# 7 HD 2013 or 7 HDX for basic users?



## Brownskins (Nov 18, 2011)

I mainly just use my Fires for the Tecarta Bible app - both for reading and taking notes, for taking more notes on the go, for watching prime videos before I sleep, to casually check/send email or browse the web, to play Catan or rummikub, and to buy books. Reading is all done using the PW or K3.

For just this limited use, I seem to be content with the 7 HD-13.

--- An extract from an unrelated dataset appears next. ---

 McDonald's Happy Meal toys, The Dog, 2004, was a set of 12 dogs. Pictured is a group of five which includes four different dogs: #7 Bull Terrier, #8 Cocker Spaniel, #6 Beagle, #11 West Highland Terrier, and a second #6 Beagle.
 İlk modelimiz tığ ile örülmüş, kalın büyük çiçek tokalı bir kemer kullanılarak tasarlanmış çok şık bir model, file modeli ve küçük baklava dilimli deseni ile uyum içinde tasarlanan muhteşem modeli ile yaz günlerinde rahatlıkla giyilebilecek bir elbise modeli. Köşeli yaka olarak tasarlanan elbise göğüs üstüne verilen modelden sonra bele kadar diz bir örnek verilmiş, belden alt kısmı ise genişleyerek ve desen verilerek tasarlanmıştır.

Anyway, for the basic of the most basic users   out there like me, will you be content, with a 7 HD 2013 or will you still rather go with the HDX? Price difference will vary but average, with taxes, to be about $100.


----------



## parakeetgirl (Feb 27, 2009)

I say 7 HDX. I was going to upgrade my ipad mini and instead went with the Hdx with 4g. Still was $200 cheaper. I have lots of apps and content across both platforms so it worked for me. The browser on the HDX is quick, and I love the screen. I read on mine though.


----------



## Brownskins (Nov 18, 2011)

Thanks for the input? Any concerns with the HD for long term basic usage?


----------



## Atunah (Nov 20, 2008)

I still use my first generation HD, although its a 8.9. I am I guess what I would call a basic user. I watch some shows once in a while, I love playing games on it, I browse on it a bit at night, I guess casual use. I don't read on it either, I use my e-ink kindles for that. I haven't had any issues yet with my HD, other than the occasional freeze with some video heavy games.  

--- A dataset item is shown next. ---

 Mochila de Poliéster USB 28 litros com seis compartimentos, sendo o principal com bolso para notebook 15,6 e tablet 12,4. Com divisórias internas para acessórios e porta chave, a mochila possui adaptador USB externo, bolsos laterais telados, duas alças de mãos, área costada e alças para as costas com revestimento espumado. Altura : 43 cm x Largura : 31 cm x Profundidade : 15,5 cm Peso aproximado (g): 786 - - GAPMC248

I really couldn't justify upgrading to a HDX for what I use my Fire for. I mean the screen looks fantastic to me as it is, I can't compare it with anything else. I know it looks light years better than the very first original Fire I also have. And that is last years HD model, I assume this years HD looks even better. 

So for my basic use, my HD is fine for now.


----------



## Ann in Arlington (Oct 27, 2008)

If you have an HD, there's probably no real need to upgrade, unless you just want to.

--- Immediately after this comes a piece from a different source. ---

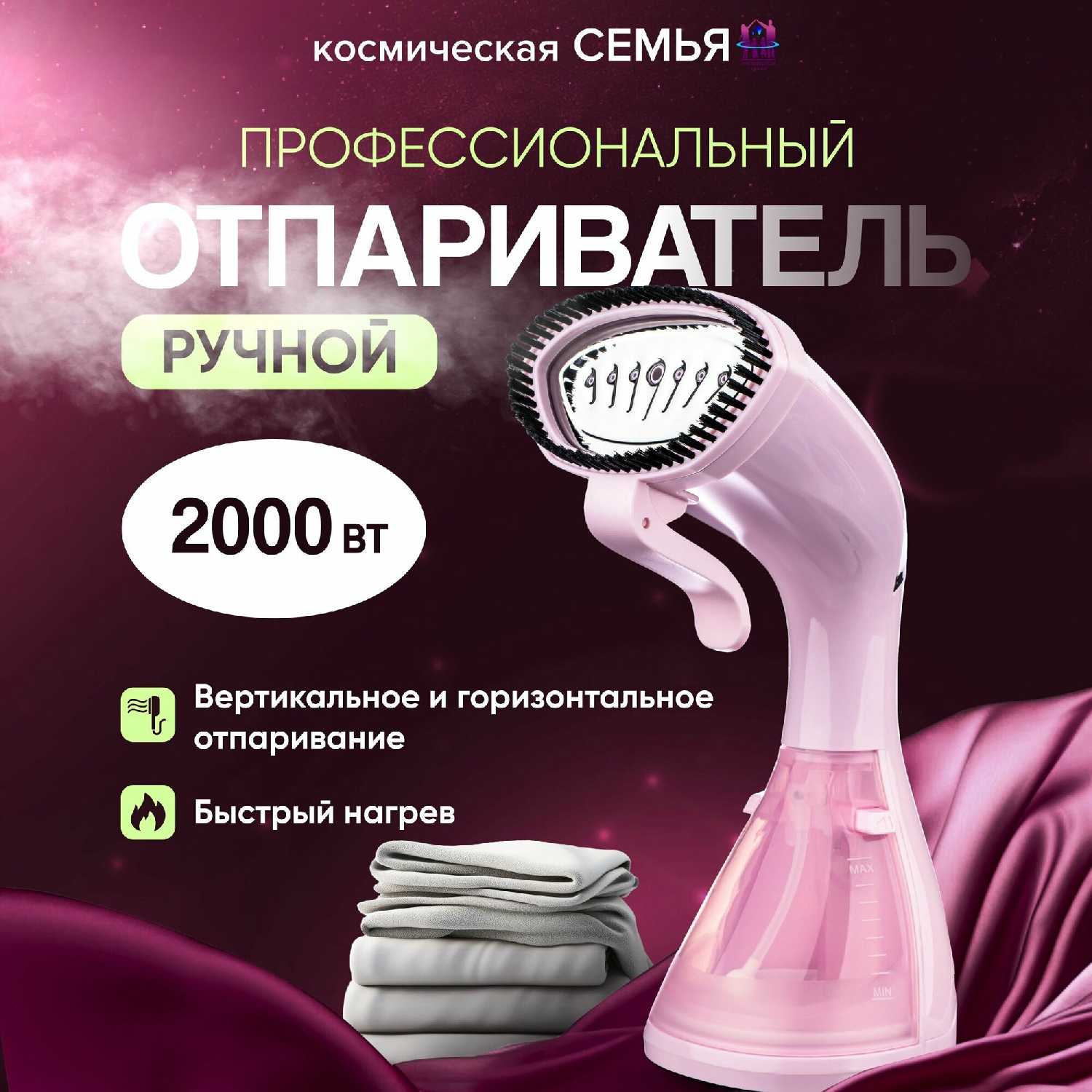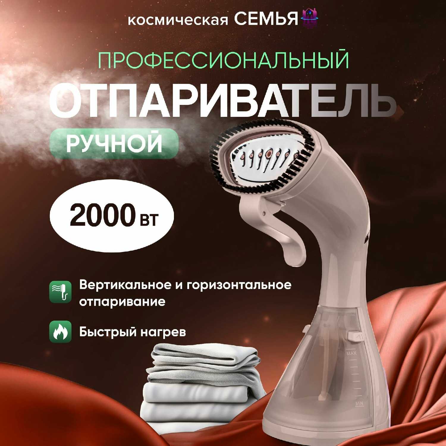 Обзор Космическая семья Отпариватель ручной (с насадкой щёткой)*:

If you have nothing, and can afford it, the HDX is definitely a nicer device.  Faster, better screen, lighter, better aesthetics.  'Course, some of that's subjective.

If money is an issue, the current 7" HD is still a mighty good device.  The current 8.9" HD is actually last year's tech so, nice because of size and camera, just realize it's not 'new'.


----------



## Brownskins (Nov 18, 2011)

Thanks for the input. 

I used to have the HD (2012) but now have both the HD (2013) and the HDX.  All in 7" format.

I have decided to keep only the HD (2013) and return the HDX.  It looks like for my own use, it will suffice.


----------